If the verses really were Thatcher’s choice, to follow the Bunyan hymn, it certainly recognised an obvious source for Bunyan’s book, whose Pilgrim survives Apollyon’s fiery darts. It captured well the Puritan pursuit of peace, so begirt with military symbols, flowing well in the surroundings of the great Anglican cathedral. But for all of its exhortation to followers and implicit claim of the subject to righteousness and salvation, it began with a real sense of Thatcher’s having found her salvation after personal struggles:

Finally, my brethren, be strong in the Lord, and in the power of his might. Put on the whole armour of God, that ye may be able to stand against the wiles of the devil. For we wrestle not against flesh and blood, but against principalities, against powers, against the rulers of the darkness of this world, against spiritual wickedness in high places. Wherefore take unto you the whole armour of God, that ye may be able to withstand in the evil day, and having done all, to stand.

Thatcher, perpetually conscious of omnipresent Tory males itching for her assassination once she had got rid of Heath for them, needed some physical military victory to silence, stupefy and shatter their forces. As Charles Moore tells it, the

Falklands crisis and her lonely championship of resistance against the Argentines were perceived by her as giving her ostensible friends and intending assassins the chance to destroy her once she failed. In fact she probably saw it not as her danger so much as her opportunity. Conceiving her role in the rhetoric of her Methodist lay preacher father’s sermons and Scripture (though little concerned or even literate in Christian doctrine), she played the Falklands war as though she were Mr Standfast (we can hardly call her Mr Valiant-for-Truth), whence an unfortunate TV reporter and his viewers had his innocuous enquiry about the recapture of South Georgia answered by a bellow of ‘Just Rejoice in that News!’ We were lucky she didn’t sing it. Similarly the fate of the Belgrano, and its illegality under international law, deserved in her eyes no more concern than the wounds of Apollyon. It was neither Religious Right-wing fundamentalism nor Reagan’s neoconservative soap-opera (with script), though it warmed itself in the proximity of both. It resembled modern Chinese usage of the rhetoric and logic of Com-munism while discarding belief in its doctrines and principles. It was not consciously hypocritical: it was interested in its own mirror-image, and dictaphone playback, not in its own soul. If anything, she thought her voice was her soul.
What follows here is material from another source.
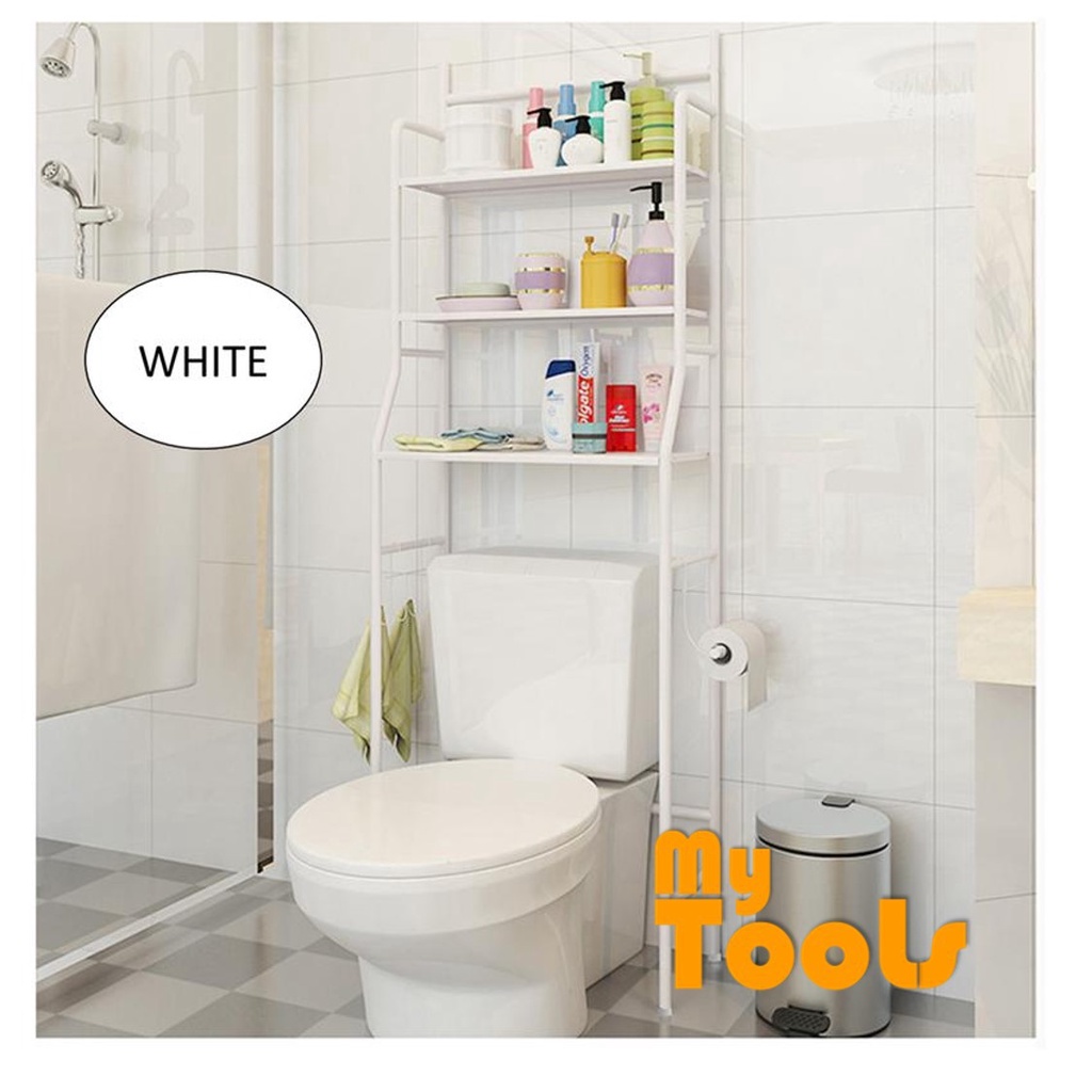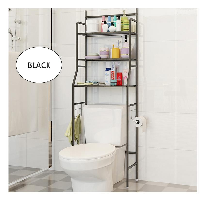 Rak Letak Barang Bilik Air Rak Bertingkat 3 Tiers Bathroom and Toilet Organizer Shelves Rack White Black Stainless Steel

How was she able to safeguard herself for the Biblical seven years ensured by the Falklands? Here Charles Moore, ready enough as he is to admit minor blips in Thatcher veracity, wants us to swallow her version of the major story. Try this for credibility (p.662 FN):

There is no evidence that Enders or anyone else associated with the Reagan administration had any advance knowledge of the Argentine invasion, but some close to Mrs Thatcher saw connections nonetheless. ‘It is hard not to believe that some Argentine Generals let their US coun-terpart have some inkling as to what was being planned in March,’ Hugh Thomas wrote to Mrs Thatcher later in April. ‘Surely Dr Costa Mendez must have winked, at least, at Assistant Secretary of State Enders, after the latter’s recent visit to Buenos Aires.’ Reviewing the letter with felt pen in hand, Mrs Thatcher scored no fewer than four lines under ‘Enders’.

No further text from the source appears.